This inaugural bash commemorated the official opening of the new headquarters of The New York Times. The newspaper's owner, German Jewish immigrant Alfred Ochs, had successfully lobbied the city to rename Longacre Square, the district surrounding his paper's new home, in honor of the famous publication. The impressive Times Tower, marooned on a tiny triangle of land at the intersection of 7th Avenue, Broadway and 42nd Street, was at the time Manhattan's second-tallest building -- the tallest if measured from the basement up.

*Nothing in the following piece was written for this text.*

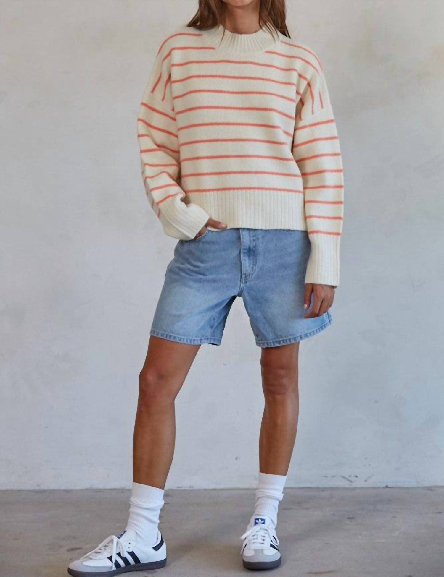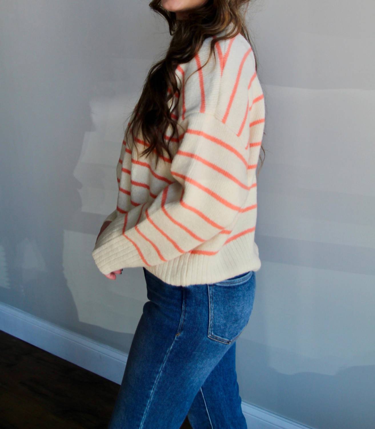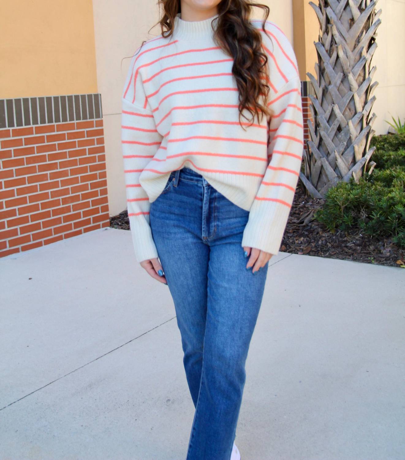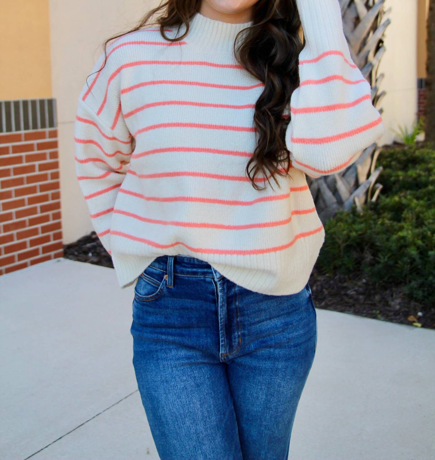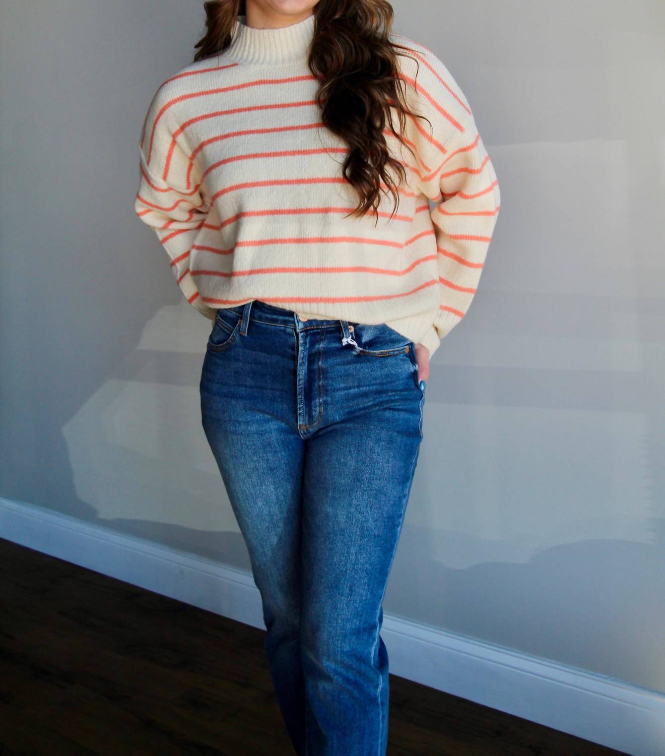 The ultimate go-to sweater, expertly crafted to provide the perfect combination of warmth and style. Its classic design and soft fabric make it a must-have addition to your wardrobe. Brighten up your days with the Geneva Striped Sweater by By Together, a cozy white piece perfect for an elevated casual style. This long sleeve sweater features a mock turtleneck and a drop shoulder design, complemented by ribbed details on the neckline, cuffs, and hemline for added texture. Its boxy fit makes it an ideal pairing with denim, offering comfort and style for any holiday party. Closure: Pull on. Perfect for fall wear. Model Kami is 5’3 and wearing a size small.

Click on picture to view larger pic

The building was the focus of an unprecedented New Year's Eve celebration. Ochs spared no expense to ensure a party for the ages. An all-day street festival culminated in a fireworks display set off from the base of the tower, and at midnight the joyful sound of cheering, rattles and noisemakers from the over 200,000 attendees could be heard miles away.

The New York Times' description of the occasion paints a rapturous picture: "From base to dome the giant structure was alight - a torch to usher in the newborn..."

The night was such a rousing success that Times Square instantly replaced Lower Manhattan's Trinity Church as New York City's favorite place to ring in the new year. Before long, this party of parties would capture the imagination of the nation, and the world.

Two years later, the city banned the fireworks display - but Ochs was undaunted. He arranged to have a large, illuminated seven-hundred-pound iron and wood ball lowered from the tower flagpole precisely at midnight to signal the end of 1907 and the beginning of 1908. (For more information on the past and present of the New Years Eve Ball itself, please click here.) In 1914, The New York Times had outgrown Times Tower and relocated to 229 West 43rd Street. By then, New Year's Eve in Times Square was already a permanent part of our cultural fabric.

Click on picture to view larger pic

In 1942 and 1943, the glowing Ball was temporarily retired due to the wartime "dimout" of lights in New York City. The revelers who still gathered in Times Square in those years greeted the New Year with a moment of silence followed by chimes ringing out from Times Tower.

The New York Times retained ownership of the Tower until 1961, when it was sold to developer Douglas Leigh, who was also the man behind many of the spectacular signs in Times Square, including the famous Camel billboard with its smoking ring. Mr. Leigh stripped the building down to its steel frame, then re-clad it in white marble and windows.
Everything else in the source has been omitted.